### Try it
Nothing may be left out of the listing below but its images; repeat the rest exactly.
---
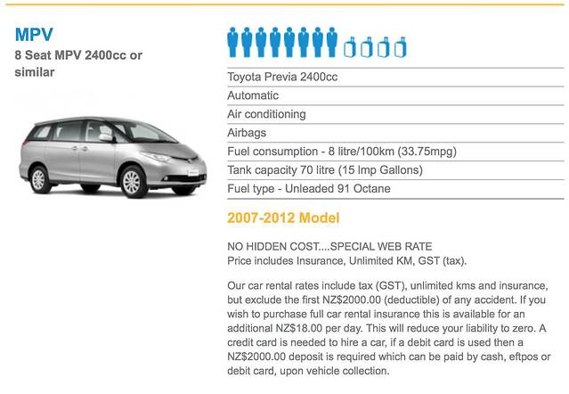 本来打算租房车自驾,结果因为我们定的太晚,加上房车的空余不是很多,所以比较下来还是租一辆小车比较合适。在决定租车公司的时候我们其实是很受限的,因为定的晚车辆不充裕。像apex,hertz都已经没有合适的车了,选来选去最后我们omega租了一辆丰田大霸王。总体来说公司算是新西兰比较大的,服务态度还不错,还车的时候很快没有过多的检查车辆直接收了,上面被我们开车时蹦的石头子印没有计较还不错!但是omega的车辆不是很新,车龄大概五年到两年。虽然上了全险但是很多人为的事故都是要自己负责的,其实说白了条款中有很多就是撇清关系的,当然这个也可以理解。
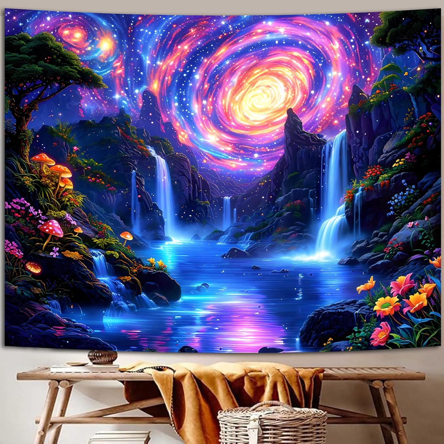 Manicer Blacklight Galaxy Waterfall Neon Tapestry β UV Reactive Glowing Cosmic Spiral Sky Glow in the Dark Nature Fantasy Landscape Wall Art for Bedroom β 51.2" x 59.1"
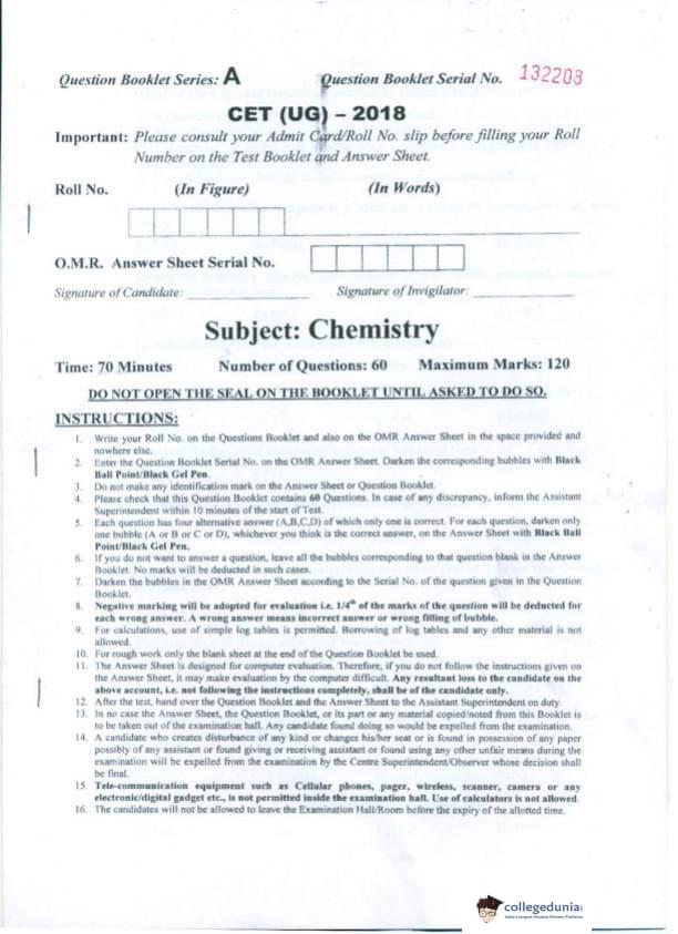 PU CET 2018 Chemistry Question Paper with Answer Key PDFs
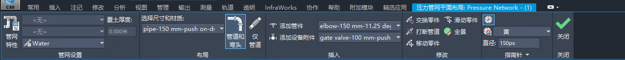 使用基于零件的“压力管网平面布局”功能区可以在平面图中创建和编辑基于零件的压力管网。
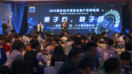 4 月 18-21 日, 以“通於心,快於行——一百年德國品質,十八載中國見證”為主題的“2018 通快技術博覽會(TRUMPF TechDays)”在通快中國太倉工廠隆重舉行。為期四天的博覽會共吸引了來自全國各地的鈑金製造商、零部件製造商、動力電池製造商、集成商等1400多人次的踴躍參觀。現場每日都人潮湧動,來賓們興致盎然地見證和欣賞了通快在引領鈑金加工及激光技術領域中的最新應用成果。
---
### Answer to this problem
 本来打算租房车自驾,结果因为我们定的太晚,加上房车的空余不是很多,所以比较下来还是租一辆小车比较合适。在决定租车公司的时候我们其实是很受限的,因为定的晚车辆不充裕。像apex,hertz都已经没有合适的车了,选来选去最后我们omega租了一辆丰田大霸王。总体来说公司算是新西兰比较大的,服务态度还不错,还车的时候很快没有过多的检查车辆直接收了,上面被我们开车时蹦的石头子印没有计较还不错!但是omega的车辆不是很新,车龄大概五年到两年。虽然上了全险但是很多人为的事故都是要自己负责的,其实说白了条款中有很多就是撇清关系的,当然这个也可以理解。
 Manicer Blacklight Galaxy Waterfall Neon Tapestry β UV Reactive Glowing Cosmic Spiral Sky Glow in the Dark Nature Fantasy Landscape Wall Art for Bedroom β 51.2" x 59.1"
 PU CET 2018 Chemistry Question Paper with Answer Key PDFs
 使用基于零件的“压力管网平面布局”功能区可以在平面图中创建和编辑基于零件的压力管网。
 4 月 18-21 日, 以“通於心,快於行——一百年德國品質,十八載中國見證”為主題的“2018 通快技術博覽會(TRUMPF TechDays)”在通快中國太倉工廠隆重舉行。為期四天的博覽會共吸引了來自全國各地的鈑金製造商、零部件製造商、動力電池製造商、集成商等1400多人次的踴躍參觀。現場每日都人潮湧動,來賓們興致盎然地見證和欣賞了通快在引領鈑金加工及激光技術領域中的最新應用成果。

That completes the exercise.